DATA SEGMENT =
--------------------

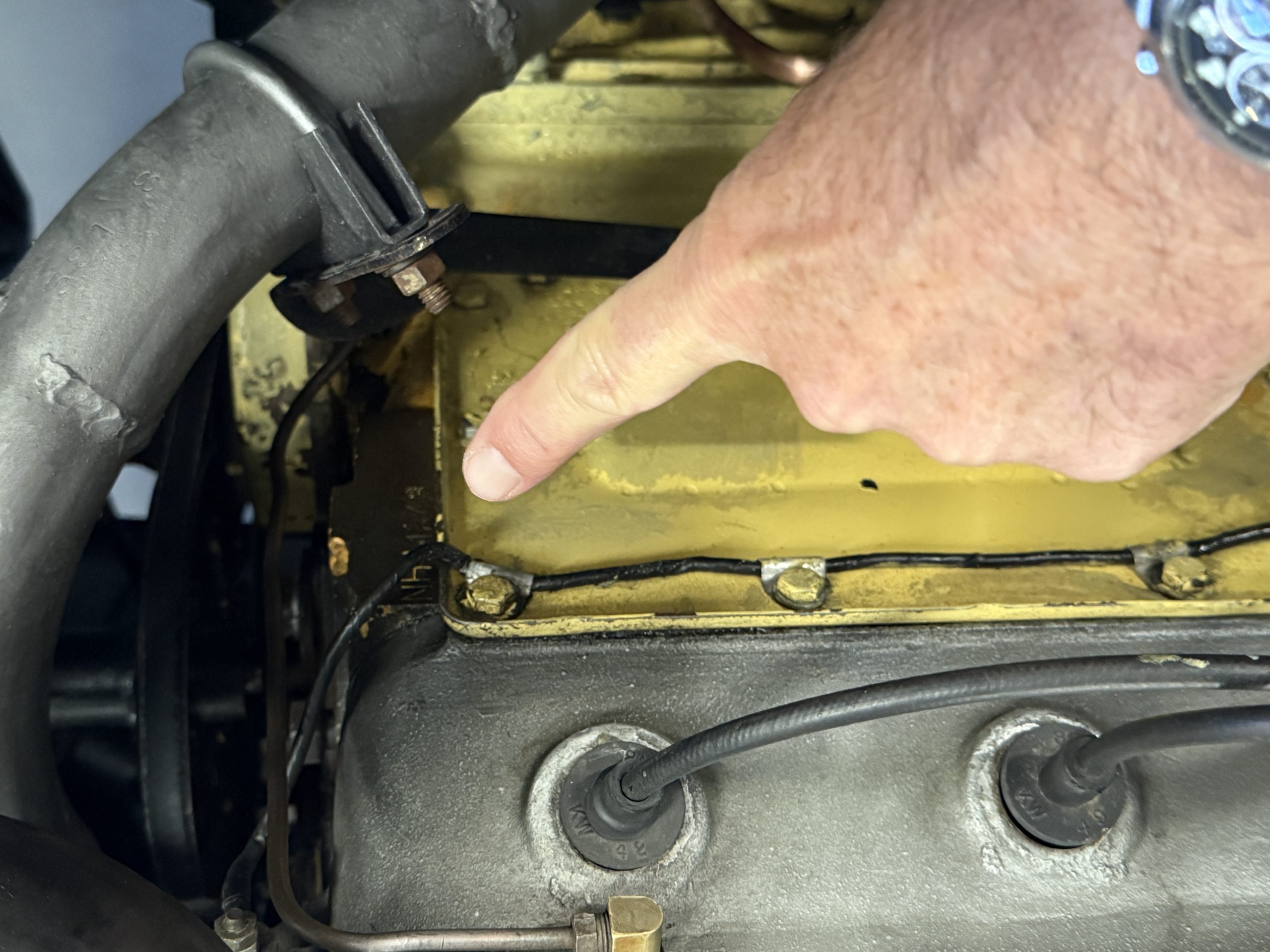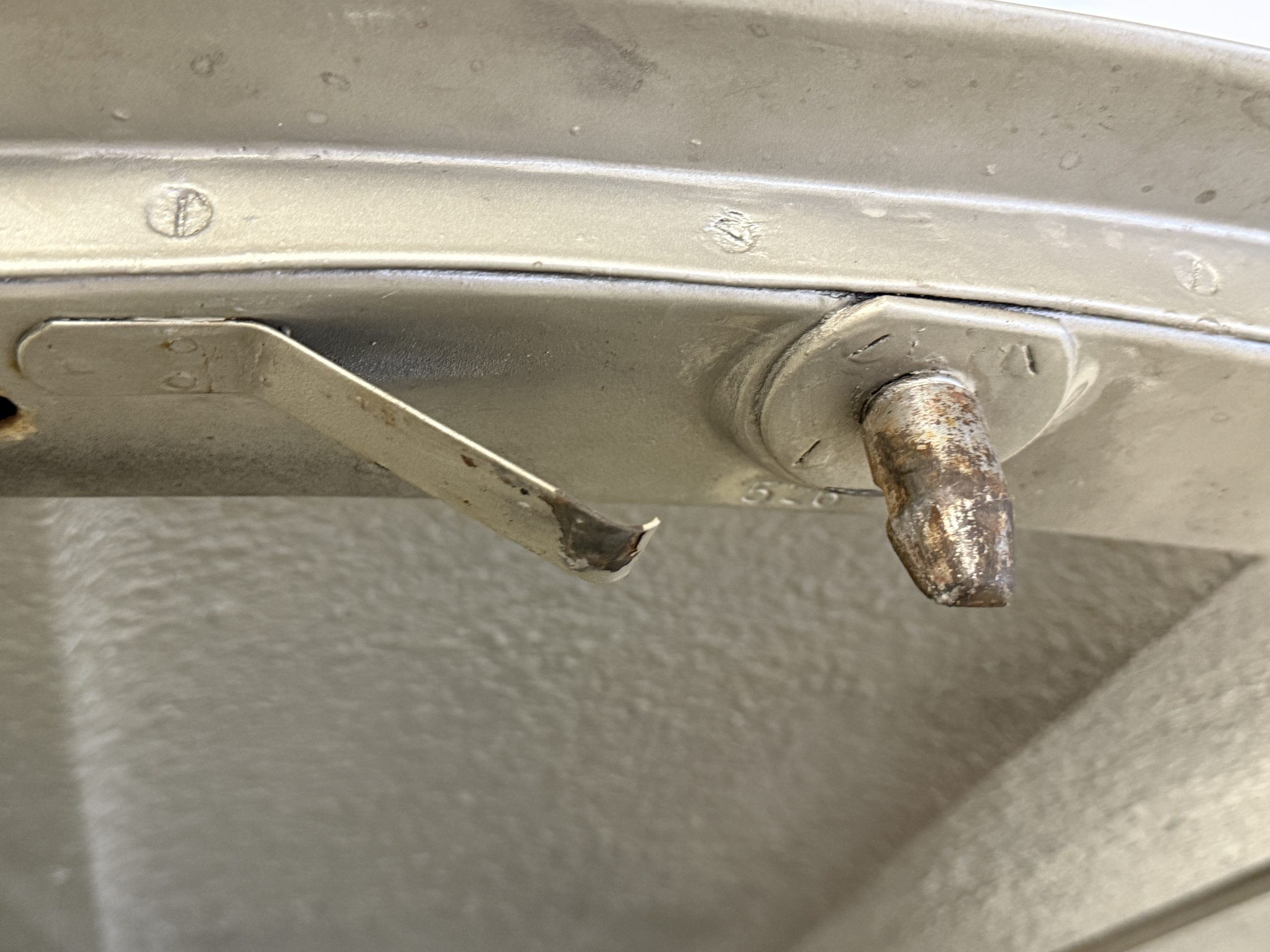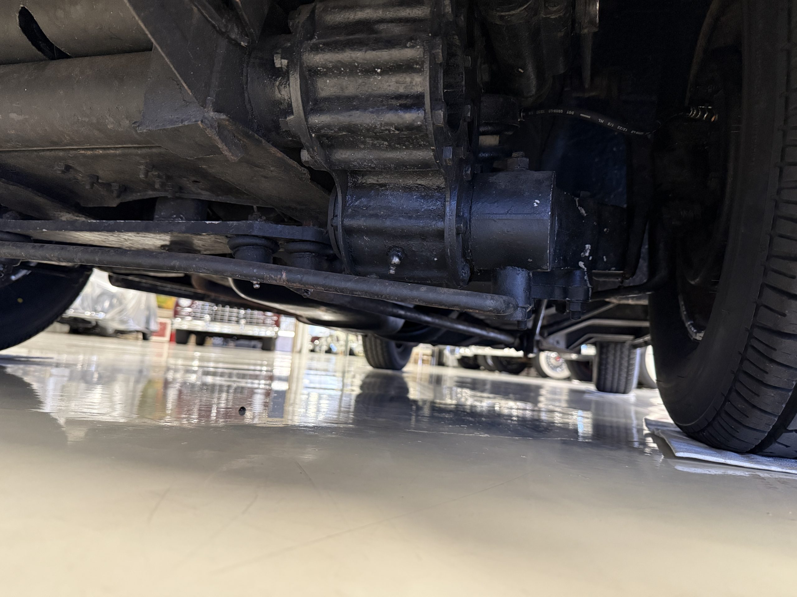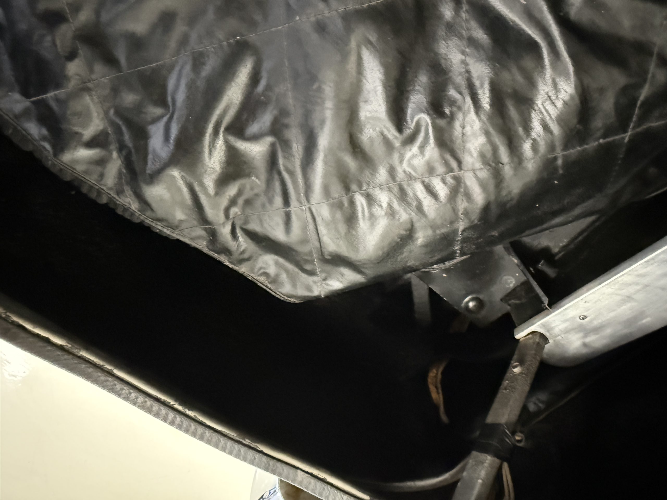 Red-painted 15″ steel wheels wear chrome wire covers, and they are mounted with 215/75 Coker Classic whitewall radial tires that were installed in December 2024. A matching spare wheel with a Goodyear bias-ply tire is stowed in the trunk. The Le Mans rides on a 108″ wheelbase and utilizes a box-section frame, front trailing-arm suspension derived from the Healey Silverstone, and a coil-sprung solid rear axle. Stopping power is provided by four-wheel drum brakes that were overhauled in December 2024 with the installation of replacement wheel cylinders and hoses.
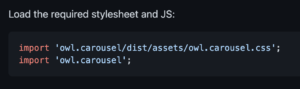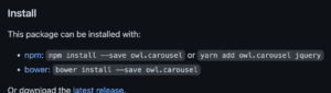 Étape 1 : Trouvez une librairie que vous voudriez ajouter à votre projet. Exemple : https://github.com/OwlCarousel2/OwlCarousel2 Owl Carousel (Une alternative à Swiper Slider). Veuillez bien lire leur documentation et tentez de trouver comment installer le module avec NODE (npm).
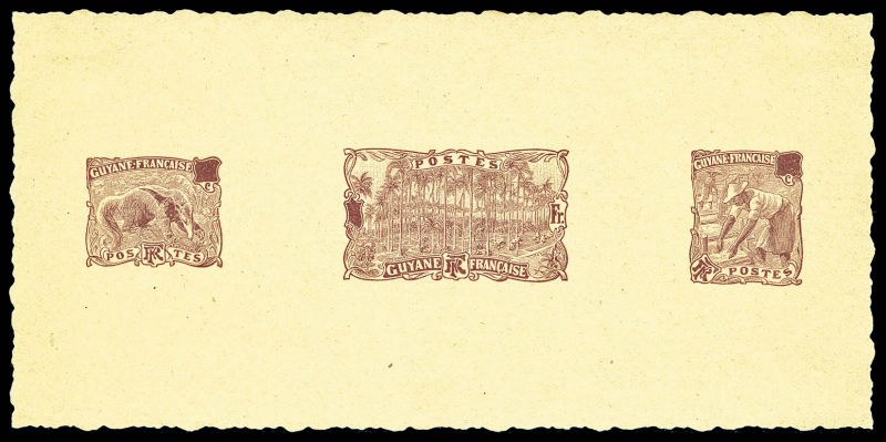 3601 image49 + 55 + 63, épreuve collective des 3 poinçons sans faciale en brun foncé sur papier crème dentelé, Tamanoir, chercheur d'or, palmiers. (Maury). Qualité: (*) Cote: 1350 euros (Image)
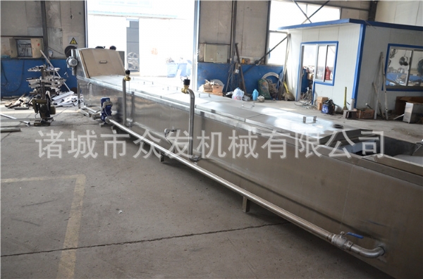 循环水泵前边加有过滤系统(采用三角网孔过滤),以防止槽内杂质抽到泵中和长时间在杀 菌(冷却)槽内循环;过滤器清理口采用无工具拆装,让清理杂质简单方便。在过滤器前边和循环泵的后边分别装有阀门,以方便在过滤器清洗和循环泵的检修过程中不至于把整槽水放掉以减少对资源的浪费。

--------------------

The answer must be the exact lines from the line with "Étape 1 : Trouvez" to the final line of the data, both ends included, with no pictures.

 Étape 1 : Trouvez une librairie que vous voudriez ajouter à votre projet. Exemple : https://github.com/OwlCarousel2/OwlCarousel2 Owl Carousel (Une alternative à Swiper Slider). Veuillez bien lire leur documentation et tentez de trouver comment installer le module avec NODE (npm).
 3601 image49 + 55 + 63, épreuve collective des 3 poinçons sans faciale en brun foncé sur papier crème dentelé, Tamanoir, chercheur d'or, palmiers. (Maury). Qualité: (*) Cote: 1350 euros (Image)
 循环水泵前边加有过滤系统(采用三角网孔过滤),以防止槽内杂质抽到泵中和长时间在杀 菌(冷却)槽内循环;过滤器清理口采用无工具拆装,让清理杂质简单方便。在过滤器前边和循环泵的后边分别装有阀门,以方便在过滤器清洗和循环泵的检修过程中不至于把整槽水放掉以减少对资源的浪费。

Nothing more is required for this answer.